Easy and Quick Crock-Pot Pineapple Chicken Version
Want to make this even simpler? You can skip the sauce reduction step entirely! Just shred the chicken right in the slow cooker and mix everything together. It won’t be quite as thick, but it’s still absolutely delicious and saves you 15 minutes of work.
Serving Ideas
This makes a complete meal that everyone will love! Serve it over fluffy brown rice or steamed jasmine rice to soak up all that incredible sauce. You can also try it with quinoa or cauliflower rice for a lighter option.
Storage
Store leftovers in the fridge for up to 4 days in an airtight container. To reheat, just pop it in the microwave for 1-2 minutes or warm it gently on the stove over medium heat. It tastes just as good the next day!
Substitutions
No chicken thighs? Chicken breasts work too, but reduce the cooking time to 3-4 hours on low. You can swap the fresh pineapple for canned chunks – just drain them first.

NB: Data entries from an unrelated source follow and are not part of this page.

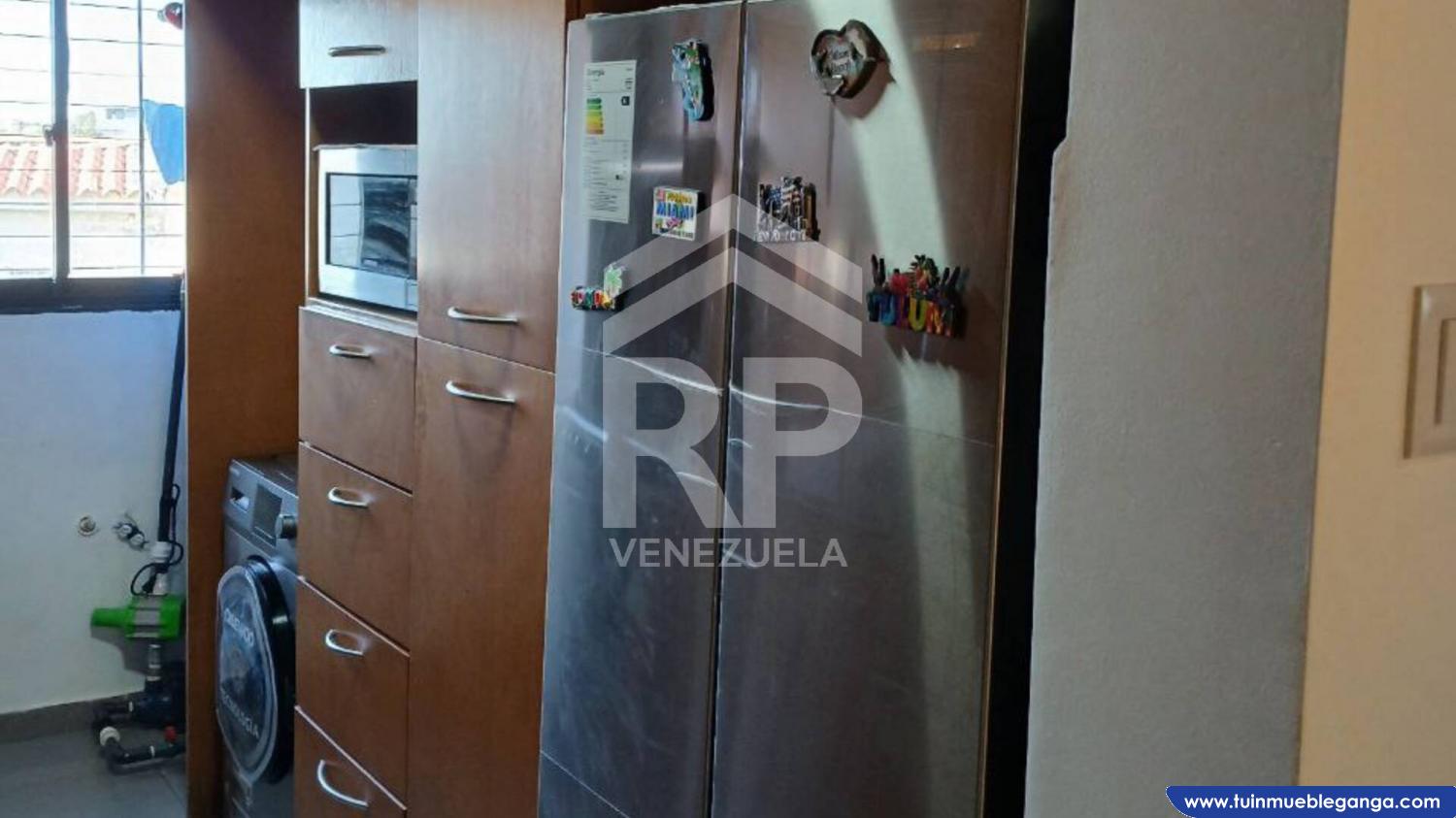 La cocina empotrada destaca por su diseño práctico, equipada con gabinetes en madera y tope de granito, ofreciendo durabilidad, estilo y suficiente espacio de almacenamiento.
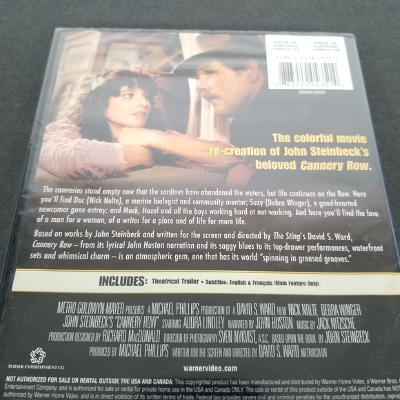 Warner Bros Media Cannery Row Movie Dvd 209 Nick Nolte Debra Winger 982 Poshmark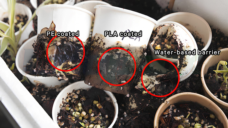 245 دن کے بعد ، پانی کے قطار میں لگے ہوئے کاغذی کپ کو مکمل طور پر ختم کردیا گیا ، پی ایل اے کے ریشوں کو ہراساں کیا گیا ، پی ایل اے کی فلم نے بہت کہا ، اور پیئ کی فلم بنیادی طور پر برقرار تھی۔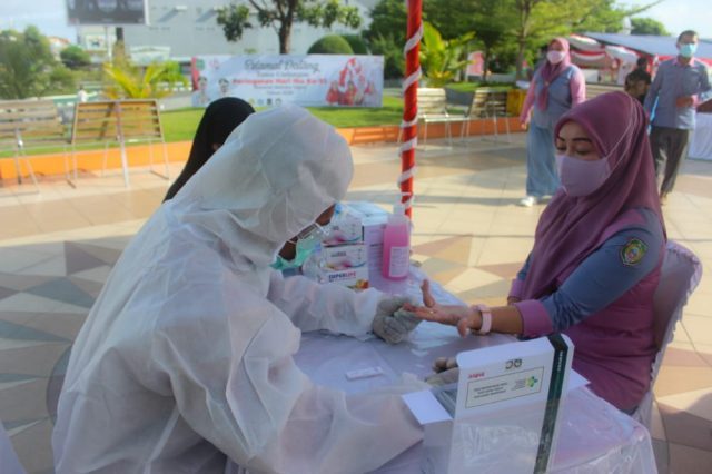 TERNATE – Dalam rangka memeriahkan peringati Hari Ibu ke-92 yang biasanya dilaksanakan pada 22 Desember 2020, Dinas Pemberdayaan Perempuan dan Perlindungan Anak (DP3A) Provinsi Malut bersama Tim Penggerak PKK Provinsi Malut dan Dinas Kesehatan Provinsi Malut menggelar rapid tes gratis untuk masyarakat, bertempat di Land Mark Kota Ternate, Sabtu (19/12/20).

If you don’t have fresh ginger, use 1 teaspoon of ground ginger instead.
Pro Tips
- Don’t skip the sauce reduction: Those extra 10 minutes make the sauce so much richer and more flavorful!
- Cut vegetables evenly: 1-inch pieces ensure everything cooks at the same rate and looks beautiful.
- Use kitchen shears: They make shredding the tender chicken so much easier than forks.
- Taste and adjust: Add a pinch more crushed red pepper or a squeeze of lime juice to make it your own!
FAQs
Can I use chicken breasts instead of thighs?
You bet! Chicken breasts work perfectly fine, but they cook a bit faster. Reduce your cooking time to 3-4 hours on low or 1.5-2 hours on high. Just keep an eye on them so they don’t get dry.
Can I make this ahead of time?
Sure! You can prep all the ingredients the night before and store them in the fridge. In the morning, just dump everything in the slow cooker and you’re good to go. It’s perfect for busy weekdays!
Is this recipe spicy?
Not really! The ½ teaspoon of crushed red pepper gives it just a tiny kick, but it’s very mild. Kids usually love it just as it is, but you can always leave out the red pepper if you’re worried about heat.
Can I freeze the leftovers?
Absolutely! This freezes beautifully for up to 3 months. Just thaw it overnight in the fridge and reheat gently on the stove or in the microwave. The flavors actually get even better after freezing!
I hope your family loves this tropical twist on dinner as much as mine does! Let me know how it turns out for you – I always love hearing about your cooking adventures. Happy cooking, friend!